Correction: A previous version of this story misidentified the attorneys who were cross-examining the accuser in the Naval Academy case. The defendants’ attorneys were the ones questioning the woman.

Three ex-U.S. Navy football team members accused of sexually assaulting a female midshipman, from left: Eric Graham, Joshua Tate and Tra'ves Bush. (AP Photo/U.S. Navy Football)

You know how you can get all wrapped up in a good summer novel and have to remind yourself where you are when you put it down?

Well, America has made it pretty hard this past week to remind myself that we do not, in fact, live in the brutal 18th-century society I’m reading about, where rape is unacknowledged and young women are treated as disposable.

Let’s take a look at Montana last week, where a former teacher was sentenced to just 30 days in jail after admitting to raping a 14-year-old student, who later killed herself.

The Yellowstone County judge said the girl was “older than her chronological age” and “as much in control of the situation” as the teacher, who was 49 at the time of the ongoing rapes.

Later in the week, after he was slammed across the country, Montana District Judge G. Todd Baugh issued a statement apologizing for his comments. That didn’t change the ridiculous sentence.
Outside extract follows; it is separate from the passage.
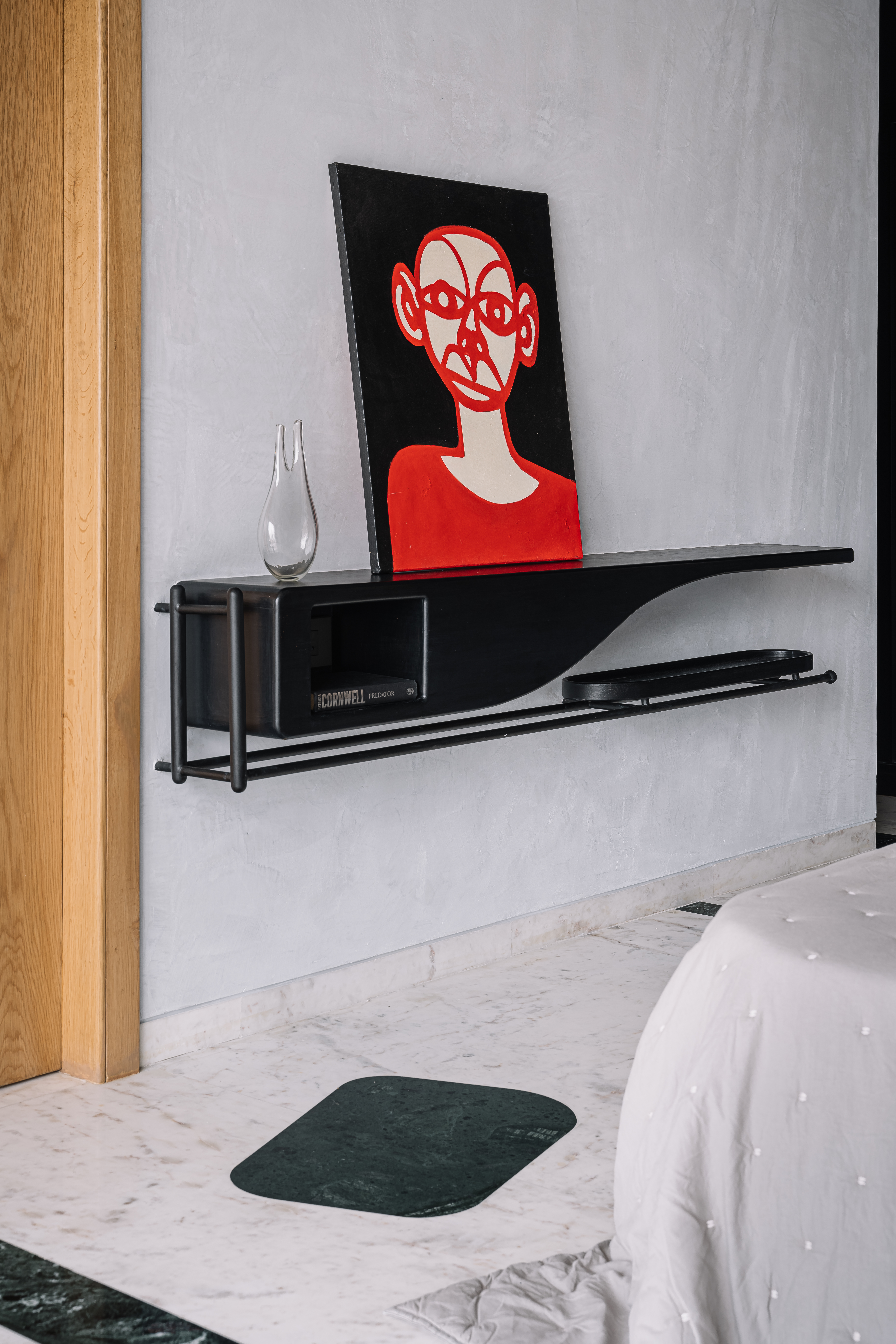 The third bedroom is definitely the finale of this trajectory of classic modernism. Bold and dynamic, to match the persona of the youngest member of the family it is scripted with convention-defying side tables, a sculptural light accent in the backdrop of grey textured walls and inlays of kesariyaji green marble on the floor.
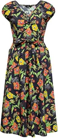 Damen Swing Kleid Tropischer All-Over-Print Sommerkleid Hibiskus 50S 40S 60S Tropical Vintage Rockabilly Rockabella Hibiskus Black

Past coverage: Naval Academy rape allegations

But that’s Montana, you think. The judge wears a bolo tie, what can you expect?

Okay, so let’s go to D.C., our enlightened nation’s capital.

Here in Washington, defense attorneys in a military hearing have made their point loud and clear that if you report a sexual assault, they will make your life hell.

A U.S. Naval Academy midshipman who says she was raped by three fellow students last year finally had her case acknowledged by the academy. And she was ravaged by the attorneys of the defendants.

They asked her whether she was wearing a bra or panties that night. They asked her to describe how wide she opens her mouth during oral sex. They asked her if she “felt like a ho” the next morning.

What? An attorney said “ho” in a hearing?

It sounded like a witch trial. But her interrogation, which ended Sunday, came at an Article 32 hearing, which is the military equivalent of a grand jury hearing to determine whether the case would go to trial, or in this case, a military court-martial.

The woman said she went to an off-campus “toga and yoga” party at the football house last spring. She drank way too much and blacked out. The next morning, her back was sore and she didn’t remember much. She didn’t report anything.

“She learned from friends and social media that three football players were claiming to have had sexual intercourse with her while she was incapacitated,” her attorney, Susan Burke, said in a statement when I wrote about the case in June.

It was her fellow classmates, who were horrified by the online bragging of the three football players, who reported the case.

Reluctantly, the woman told academy officials what she could remember. What did the academy do? They punished the 21-year-old for drinking.

She and her attorney began to wonder if the academy would ever investigate the players.

Now, the defense attorneys are trying to make her regret that the case ever got this far.

The questions have been invasive, irrelevant and demeaning.

Legal experts say they would never be able to go that far — the sexual-position questions, the cross-examination about her underpants — in a civilian trial.

Perhaps this cultural difference explains a recent Pentagon report, which stated that while as many as 26,000 service members said they were the targets of unwanted sexual contact last year, only 3,374 incidents of sexual assault were reported.

Those who believe women should be kept out of the military will point to the report and the Naval Academy case as proof. But hold your horses there, Internet Rousseaus.

The Pentagon report also said that the majority — 53 percent — of the people who said they were assaulted were men. And they were assaulted by other men.

Take the case of Greg Jeloudov, who told Newsweek that two weeks after he joined the military in 2009, he was gang-raped in the barracks by men who said they were showing him who was in charge.

“It must have been your fault. You must have provoked them,” is what he said commanders told him.

Imagine the grilling he would have faced if they took his report seriously.

“Did you ever walk out of the showers with your shirt off?” “Did you ever talk about sex with your bunkmates?” “Did you ever watch porn with other men?”

Nope, at least 10,000 men wouldn’t go there, wouldn’t report a sexual assault.

The Naval Academy case underscores the reasons behind the rising concern over the way the military handles sexual assault cases.

But this isn’t about women in the military. It isn’t about the hidden sexual assault of men in the military. Nor is it about a backward judge in Yellowstone County.

It's about America still not understanding the difference between consensual sex and rape.

The woman at the Naval Academy is not pretending to be a prude. She described for attorneys times in the past when she did want to have sex and consented to it. But the stuff those football players bragged about online — she didn’t even remember it. At that point, it’s rape.

Consensual sex happens between two adults who both want it.

Rape is about violence, domination and power.

It shouldn’t be that hard.

And yet, it still is. Just like in the 18th century.